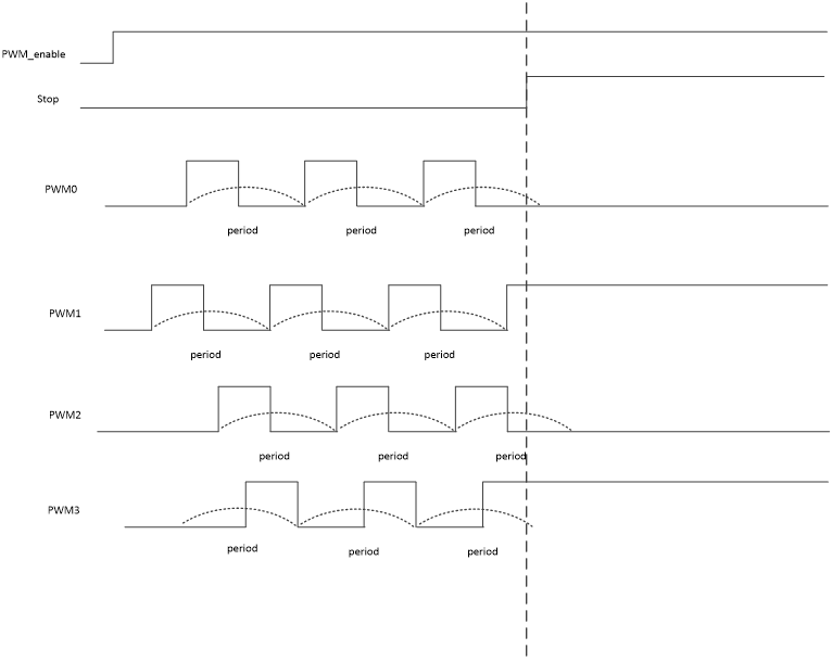 Stop功能可以让当前Group中的PWM立即停止(不会等当前周期完成),PWM会维持结束时的电平。Stop命令如下:
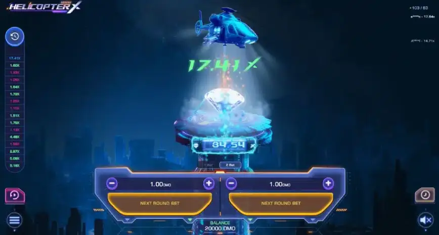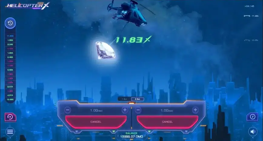 - 💯 Juega con el panel de apuestas múltiples: HelicopterX permite realizar dos apuestas simultáneamente. Usa esta función para diversificar tus riesgos con diferentes estrategias para cada apuesta.
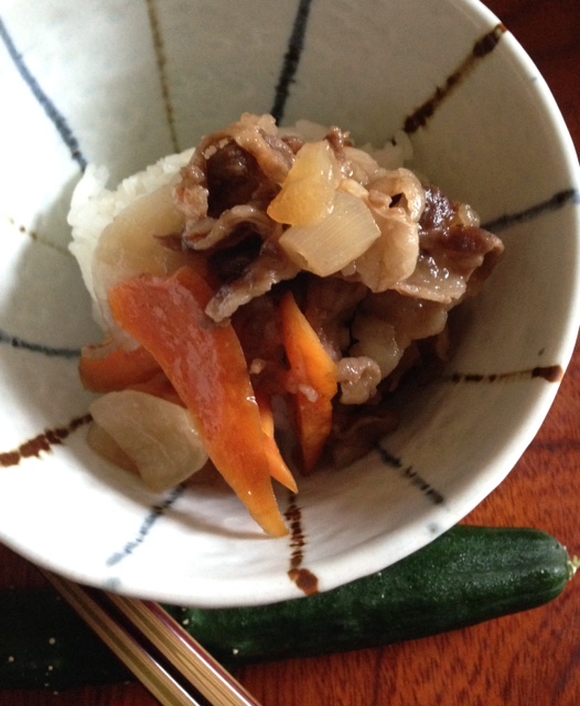 牛丼、胡瓜もね Category:台所遊び Date:2016年05月29日 玉葱がとろんとなるほど煮えましたご飯にのっけたら全部が美味しい味になる箸置き代わりは胡瓜ですはいはいもろみ味噌も行きますよー[0回]PR
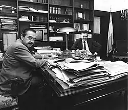 Illia was invited in 1975 to a diplomatic mission to the Soviet Union; he declined and proposed Alfonsín instead. Upon his return, Alfonsín became one of the founding members of the Permanent Assembly for Human Rights. He served as the defense lawyer for Mario Roberto Santucho, leader of the ERP guerrillas, but only to carry out due process of law, and not because of a genuine desire to support him.[10] The 1976 Argentine coup d'état against President Isabel Perón started the National Reorganization Process. Alfonsín filed several Habeas corpus motions, requesting the freedom of victims of forced disappearances. The UCR stayed silent over the disappearances, but Alfonsín urged the party to protest the kidnapping of senators Hipólito Yrigoyen (nephew of the former president of the same name) and Mario Anaya.[11] He also visited other countries, denouncing those disappearances and violations of human rights. He established the magazine Propuesta y control in 1976, one of the few magazines that criticized the military dictatorship during its early stages. The magazine was published up to 1978. His editorials were collected in 1980 in the book La cuestión argentina.
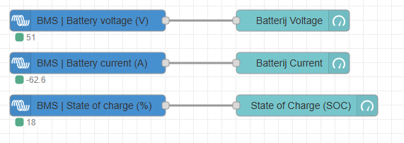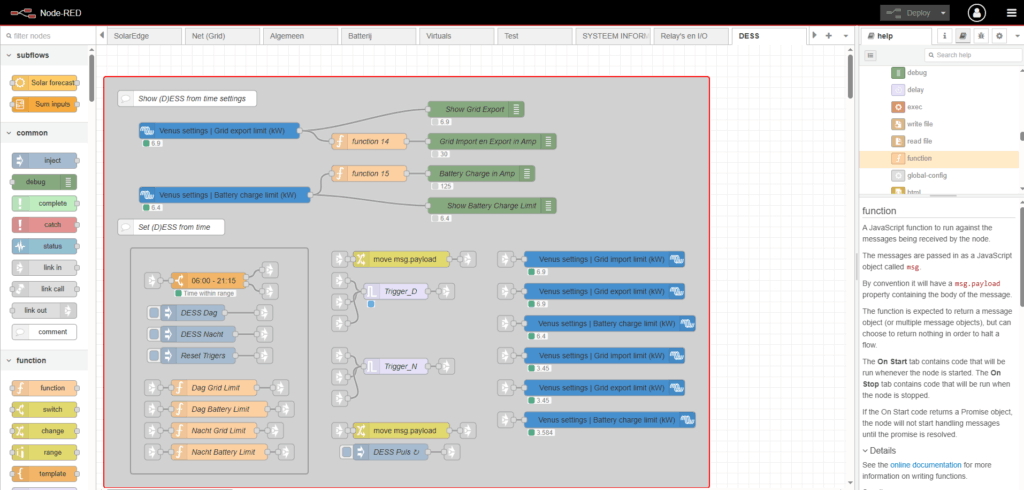 Mijn installatie staat op zolder en de Multiplus-II units maken best veel lawaai wanneer deze op volle kracht aan het werken zijn. Om in de nacht ze wat stiller te maken, laat ik deze in de nacht minder hard werken dan overdag, het Node-Red scriptje ziet er dan zo uit:

==================================================

Leave out every picture and copy the rest of the records exactly.

 Stop功能可以让当前Group中的PWM立即停止(不会等当前周期完成),PWM会维持结束时的电平。Stop命令如下:
 - 💯 Juega con el panel de apuestas múltiples: HelicopterX permite realizar dos apuestas simultáneamente. Usa esta función para diversificar tus riesgos con diferentes estrategias para cada apuesta.
 牛丼、胡瓜もね Category:台所遊び Date:2016年05月29日 玉葱がとろんとなるほど煮えましたご飯にのっけたら全部が美味しい味になる箸置き代わりは胡瓜ですはいはいもろみ味噌も行きますよー[0回]PR
 Illia was invited in 1975 to a diplomatic mission to the Soviet Union; he declined and proposed Alfonsín instead. Upon his return, Alfonsín became one of the founding members of the Permanent Assembly for Human Rights. He served as the defense lawyer for Mario Roberto Santucho, leader of the ERP guerrillas, but only to carry out due process of law, and not because of a genuine desire to support him.[10] The 1976 Argentine coup d'état against President Isabel Perón started the National Reorganization Process. Alfonsín filed several Habeas corpus motions, requesting the freedom of victims of forced disappearances. The UCR stayed silent over the disappearances, but Alfonsín urged the party to protest the kidnapping of senators Hipólito Yrigoyen (nephew of the former president of the same name) and Mario Anaya.[11] He also visited other countries, denouncing those disappearances and violations of human rights. He established the magazine Propuesta y control in 1976, one of the few magazines that criticized the military dictatorship during its early stages. The magazine was published up to 1978. His editorials were collected in 1980 in the book La cuestión argentina.
 Mijn installatie staat op zolder en de Multiplus-II units maken best veel lawaai wanneer deze op volle kracht aan het werken zijn. Om in de nacht ze wat stiller te maken, laat ik deze in de nacht minder hard werken dan overdag, het Node-Red scriptje ziet er dan zo uit:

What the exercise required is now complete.